▶ _Task requirements_: Copy all records exactly; omit pictures.

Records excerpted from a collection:
┄┄┄┄┄┄┄┄┄┄

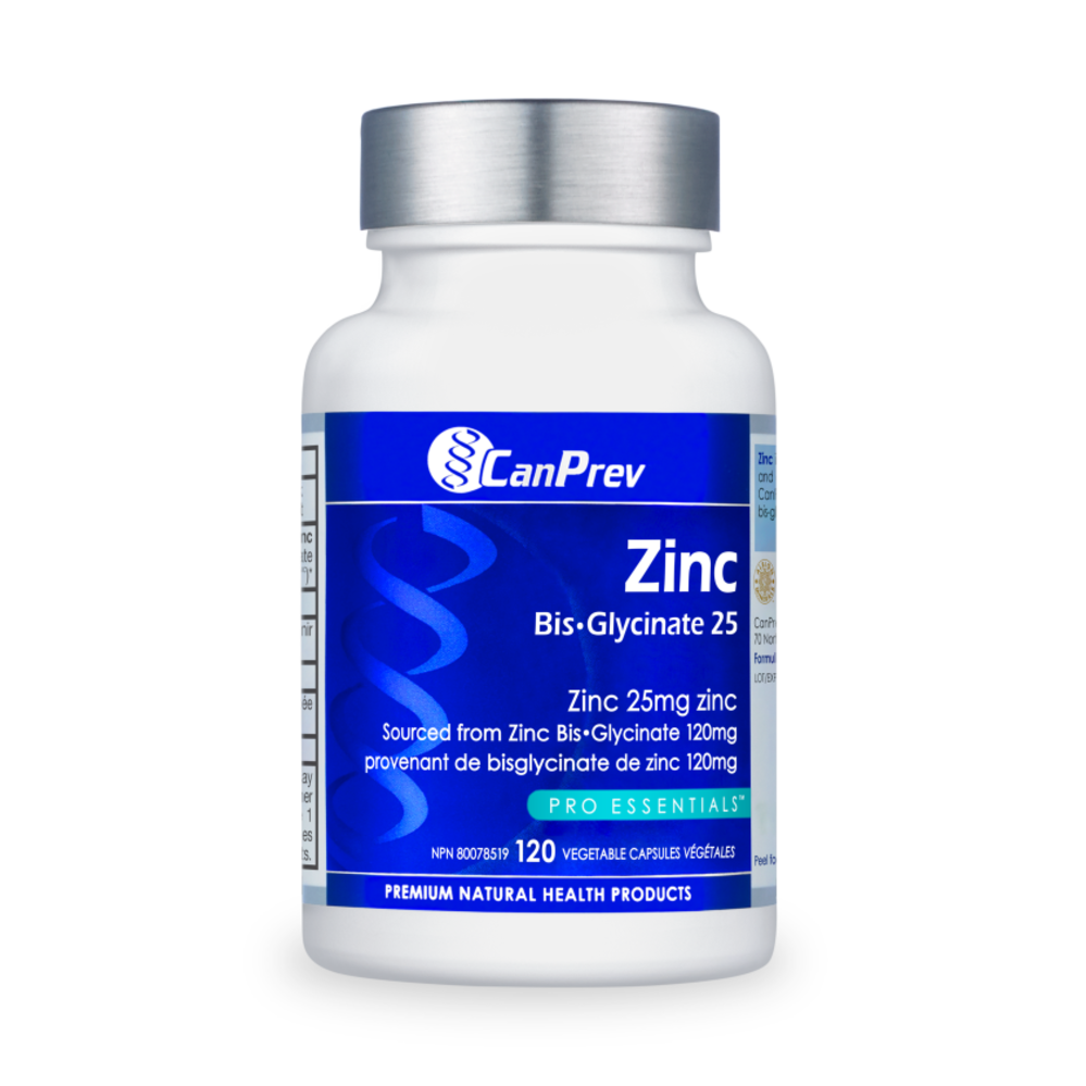 CanPrev’s Zinc Bis-Glycinate 25 is the preferred form of zinc due to its superior absorption and gentleness. Daily intake is important, as we excrete what we don’t use or absorb. The mineral zinc plays an important role in several bodily functions including proper wound healing, taste, vision, cognitive health, immunity, blood sugar support, and normal glandular function. It’s also an essential component of the body’s antioxidant enzymes, superoxide dismutase (SOD) and glutathione peroxidase.
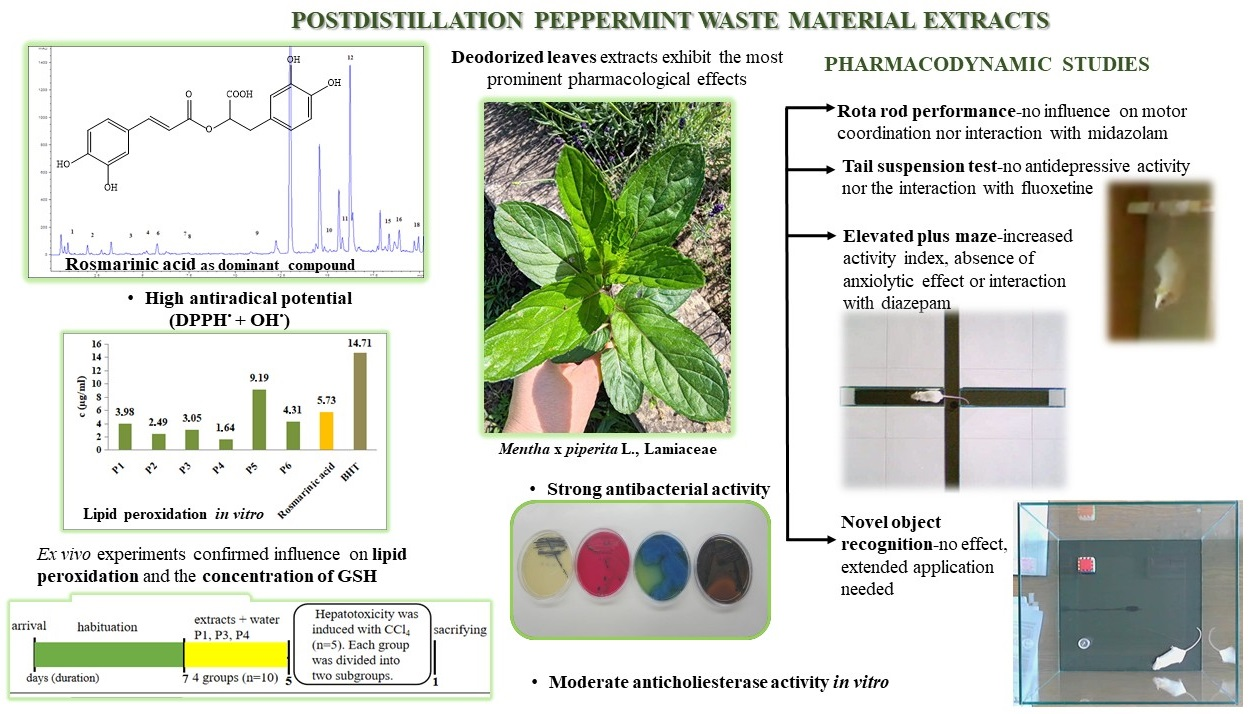Chemical, Biochemical, Antimicrobial, and Pharmacological Assessment of Postdistillation Waste Material Extracts of Mentha x piperita †
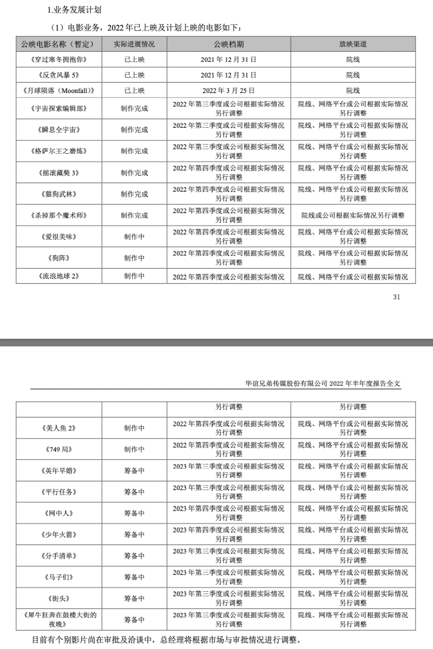 在半年报中,华谊兄弟还披露了部分电影的制作情况。共有6部电影制作完成,《流浪地球2》、《美人鱼2》等13部电影正在制作中。
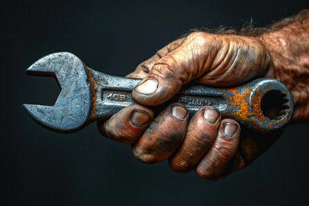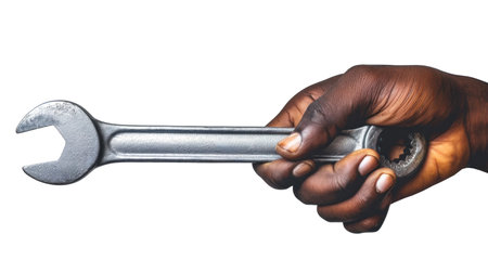 A hand, weathered and strong, grips a wrench against a clean white background.
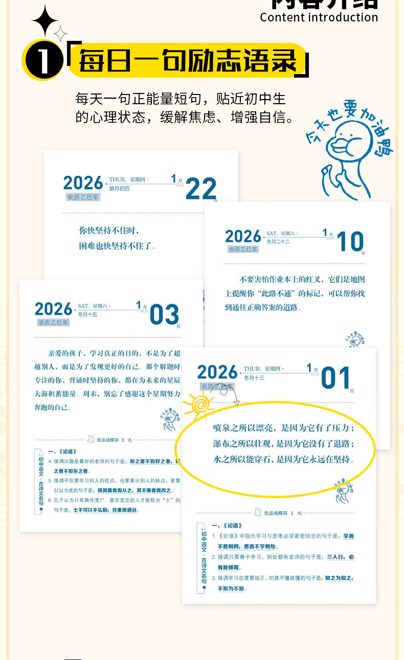 Ready stock, turn cocoon into butterfly, fish leap over the dragon's gate, 2026 calendar of inspirational quotes for junior high school students, countdown calendar, knowledge points self-discipline manual for students in the first, second, third and third grades of junior high school, gift for junior high school students, inspirational countdown to high school entrance examination, knowledge points desk calendar, transform cocoon into butterfly, 2026 calendar of inspirational quotes for junior high school students

┄┄┄┄┄┄┄┄┄┄

▶ _Answer section_:
 CanPrev’s Zinc Bis-Glycinate 25 is the preferred form of zinc due to its superior absorption and gentleness. Daily intake is important, as we excrete what we don’t use or absorb. The mineral zinc plays an important role in several bodily functions including proper wound healing, taste, vision, cognitive health, immunity, blood sugar support, and normal glandular function. It’s also an essential component of the body’s antioxidant enzymes, superoxide dismutase (SOD) and glutathione peroxidase.
Chemical, Biochemical, Antimicrobial, and Pharmacological Assessment of Postdistillation Waste Material Extracts of Mentha x piperita †
 在半年报中,华谊兄弟还披露了部分电影的制作情况。共有6部电影制作完成,《流浪地球2》、《美人鱼2》等13部电影正在制作中。
 A hand, weathered and strong, grips a wrench against a clean white background.
 Ready stock, turn cocoon into butterfly, fish leap over the dragon's gate, 2026 calendar of inspirational quotes for junior high school students, countdown calendar, knowledge points self-discipline manual for students in the first, second, third and third grades of junior high school, gift for junior high school students, inspirational countdown to high school entrance examination, knowledge points desk calendar, transform cocoon into butterfly, 2026 calendar of inspirational quotes for junior high school students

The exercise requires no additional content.